Fig. 6: Enrichment of CCCG or CGGG sequences in mouse repeat elements that are DNMT3C targets.
figure 6

a Image of the L1MdA and IAPEz-int elements showing the frequencies of CpG sites, CCCG + CGGG sites and fraction of CpG sites in CCCG or CGGG context, all expressed as o/e frequencies averaged over 50 bps. “Expected” values were determined using the C and G content of the entry. The annotated ORFs of the elements are indicated. Note the clustering of CCCG/CGGG sites in the promoter of L1MdA and at several regions in the body of IAPEz. b Frequency of CG sites in a CCCG or CGGG context in mouse repeat elements. The figure shows data for three LINE elements and three ERVK elements that are validated DNMT3C targets12. As a control, two ERVK elements are shown, which are not methylated by DNMT3C. In addition, data are shown for examples of one murine ERV1 and ERVL element that both are also not targeted by DNMT3C and for one human ERV2 element. For the L1 elements, the promoter regions were used for the analysis, in all other cases the entire sequence of the element was used.

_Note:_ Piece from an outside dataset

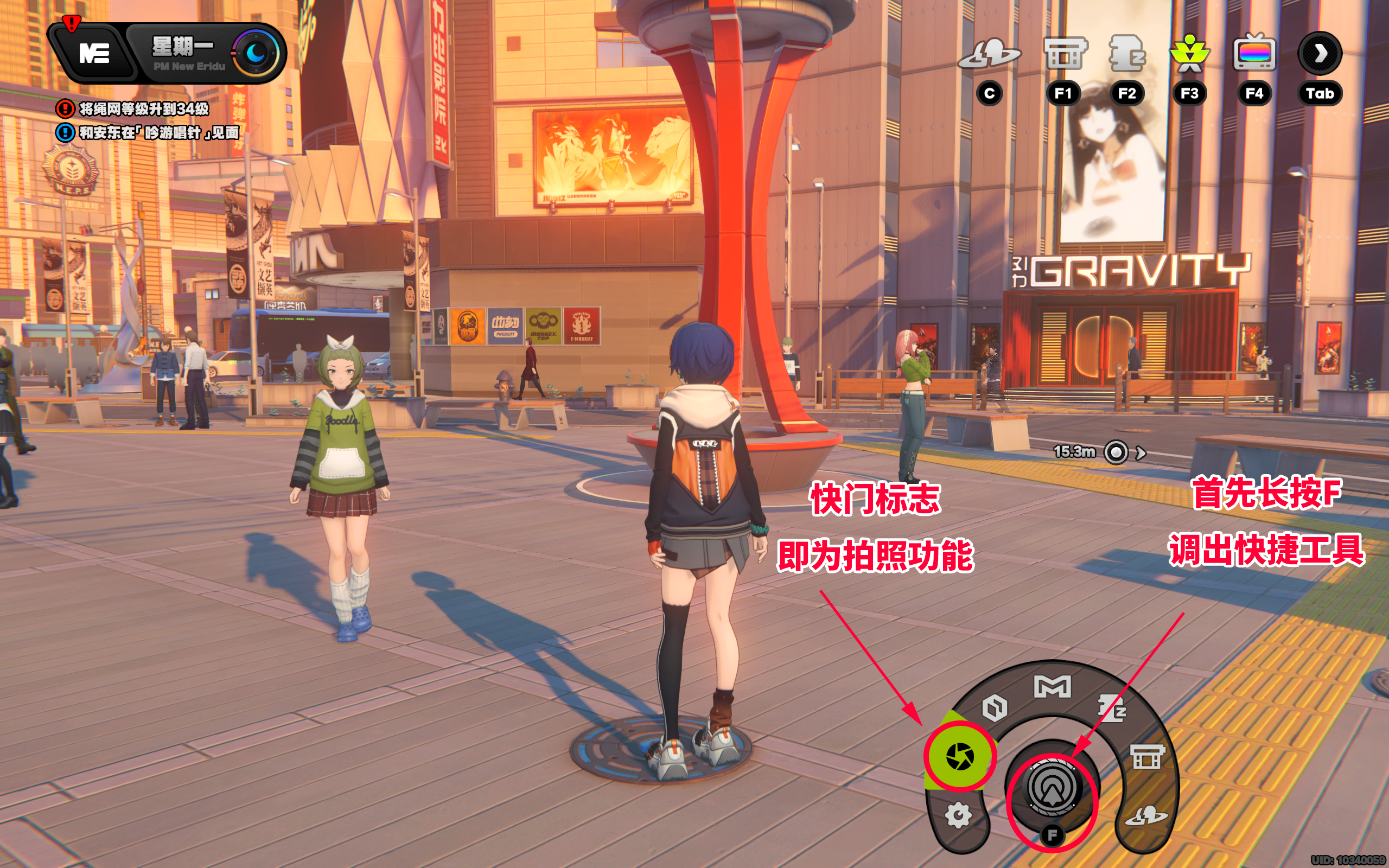 长按F可调出快捷工具,找到其中的“快门”(默认为左数第二位,可自行调整位置)即为拍照功能

See Supplementary Table 5 and Supplementary Fig. 10 for more information. The p-value was determined by a two-flanked T-test assuming unequal variance. c Methylation rates of two designed repeat substrates with sequences taken from known DNMT3C targets. Shown are averages of three experiments, error bars represent the SD. Data points are indicated by circles. P-values were determined by a two-sided T-test assuming equal variance, n.s. not significant. See also Supplementary Fig. 4.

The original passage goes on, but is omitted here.